Hello David,
On Fri, 15 May 2020 at 19:33, Daniel Vetter daniel@ffwll.ch wrote:
On Fri, May 15, 2020 at 02:07:06PM +0900, David Stevens wrote:
On Thu, May 14, 2020 at 9:30 PM Daniel Vetter daniel@ffwll.ch wrote:
On Thu, May 14, 2020 at 05:19:40PM +0900, David Stevens wrote:
Sorry for the duplicate reply, didn't notice this until now.
Just storing the uuid should be doable (assuming this doesn't change during the lifetime of the buffer), so no need for a callback.
Directly storing the uuid doesn't work that well because of synchronization issues. The uuid needs to be shared between multiple virtio devices with independent command streams, so to prevent races between importing and exporting, the exporting driver can't share the uuid with other drivers until it knows that the device has finished registering the uuid. That requires a round trip to and then back from the device. Using a callback allows the latency from that round trip registration to be hidden.
Uh, that means you actually do something and there's locking involved. Makes stuff more complicated, invariant attributes are a lot easier generally. Registering that uuid just always doesn't work, and blocking when you're exporting?
Registering the id at creation and blocking in gem export is feasible, but it doesn't work well for systems with a centralized buffer allocator that doesn't support batch allocations (e.g. gralloc). In such a system, the round trip latency would almost certainly be included in the buffer allocation time. At least on the system I'm working on, I suspect that would add 10s of milliseconds of startup latency to video pipelines (although I haven't benchmarked the difference). Doing the blocking as late as possible means most or all of the latency can be hidden behind other pipeline setup work.
In terms of complexity, I think the synchronization would be basically the same in either approach, just in different locations. All it would do is alleviate the need for a callback to fetch the UUID.
I think I agree with Daniel there - this seems best suited for code within virtio.

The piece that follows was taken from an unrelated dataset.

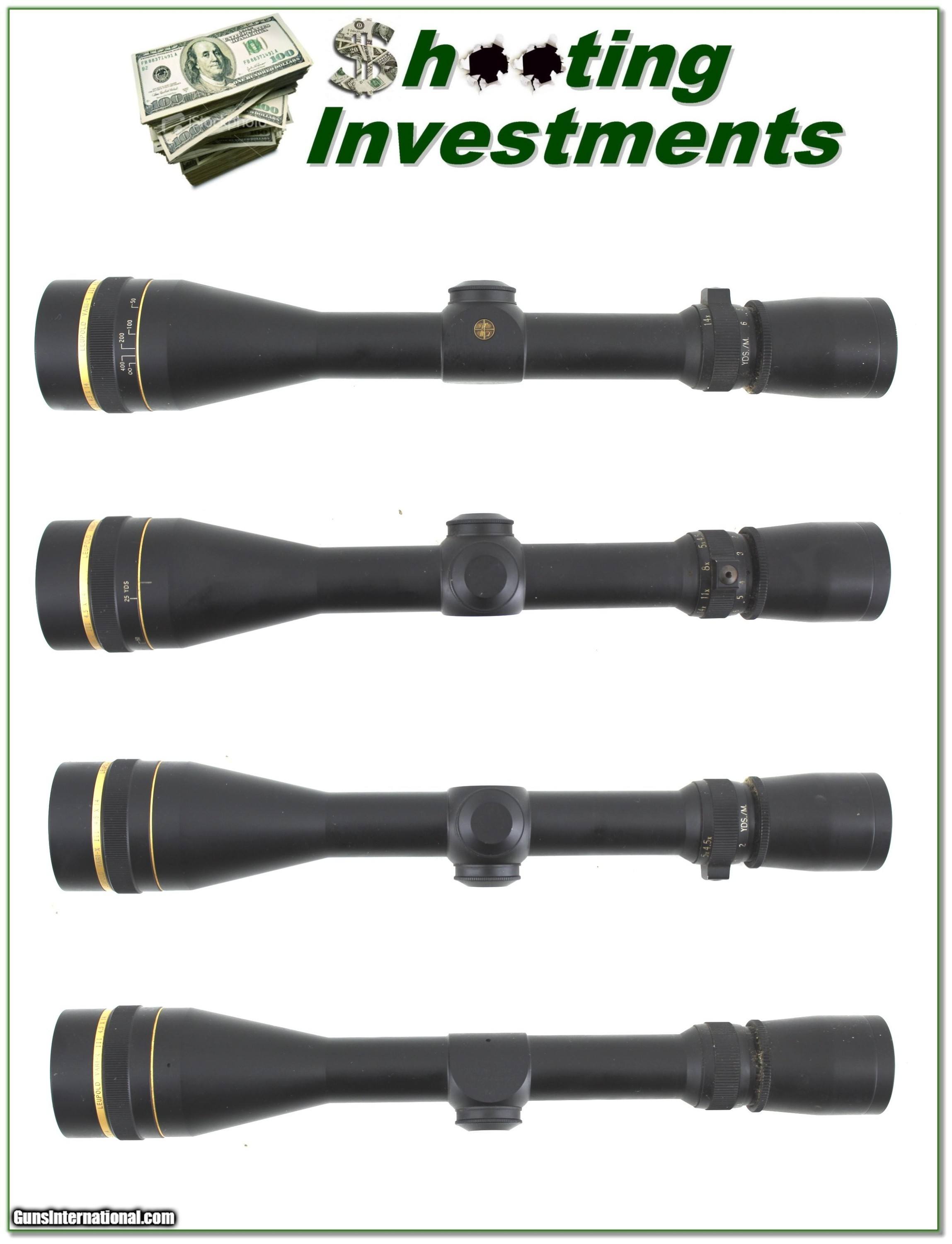 Description: This is a top of the line VX III Leupold in 4.5-14 X 40mm with AO rifle scope. It looks as good as new with crystal clear optics and duplex crosshairs. No need to buy a new one as this is just as nice. Shipping is $14.95 and please email me with any questions or larger pictures. (Consign your quality firearms with Shooting Investments for only 12%! Let me know if you have any you would like to sell!) 21-1216s Payment: Payment is by Money Order, Cashier’s Check or Personal Check. I can now also accept Credit Cards (MasterCard, Visa, Discover & American Express) with a 3% convenience fee. Shipping: The shipping charge will be listed in each description. It is $39 for most firearms. Some heavy guns or those insured for over $2000 will be higher. Shipments to Alaska and Hawaii are higher because air shipment is required. Most firearms are shipped on Tuesday and Thursday and usually in 5 days of receipt of payment. We package all shipments carefully and insure them. Optics are shipped Priority Mail and most other non-firearm shipments are shipped First Class. Returns: Our return policy is simple. If for any reason you are not pleased with your purchase, you may return your item for a full refund of purchase price. Ammunition cannot be returned. It is important to us that you are happy. Guns cannot be fired or dissembled before returning them and they must be returned in the same condition as received. Notification of a return must occur within 3 days of receipt at your dealer. Shipping, convenience and dealer fees are not refundable and are the responsibility of the buyer. Lay-a-way: If needed, we offer a 60 day lay-a-way option on most firearms. It is 1/3 now, 1/3 in 30 days and 1/3 in 60 days. Lay-a-way firearm sales are final and cannot be returned. If a lay-a-way is not completed the first payment cannot be refunded. Consigning your firearms with Shooting Investments: We will help you get top dollar for your firearms. While most local guns shops charge 20% or more, our fee is only 12% with a minimum of $75. At your local gun shop it might take months to sell. Selling on-line provides instant access to thousands of interested buyers. You won’t find any other on-line dealer willing to sell your firearms for only 12% or listing every gun on 3 separate s. Selling through an House typically costs the seller 15% and the buyer an addition 15% (so 30%) and you have to wait several months to sell and longer to receive funds. If properly priced, we will sell your firearms within a few weeks. Send us an email or give us a call and we’ll explain how easy it is for you to get top dollar. Trading: Trading for us is really just buying your gun to re-sell. If you have a gun you want to trade, please email a picture and we will let you know what we can give for it. You will always get more if we sell it for you on consignment. Help for California Buyers: We are happy to ship to California. It is the buyer’s responsibility to make sure any item you buy is legal in your state. We are also happy to help with your purchase of a firearm from someone other than us. If you see a gun you would like to buy but the seller can’t or won’t ship to California they can ship to use and we’ll then ship it to your California dealer. The cost for this service is only $30 + shipping. Let us know if we can help! SOLD |

Hm ok. I guess if we go with the older patch, where this all is a lot more just code in virtio, doing an extra function to allocate the uuid sounds fine. Then synchronization is entirely up to the virtio subsystem and not a dma-buf problem (and hence not mine). You can use dma_resv_lock or so, but no need to. But with callbacks potentially going both ways things always get a bit interesting wrt locking - this is what makes peer2peer dma-buf so painful right now. Hence I'd like to avoid that if needed, at least at the dma-buf level. virtio code I don't mind what you do there :-)
Cheers, Daniel
Daniel Vetter Software Engineer, Intel Corporation http://blog.ffwll.ch
Best, Sumit.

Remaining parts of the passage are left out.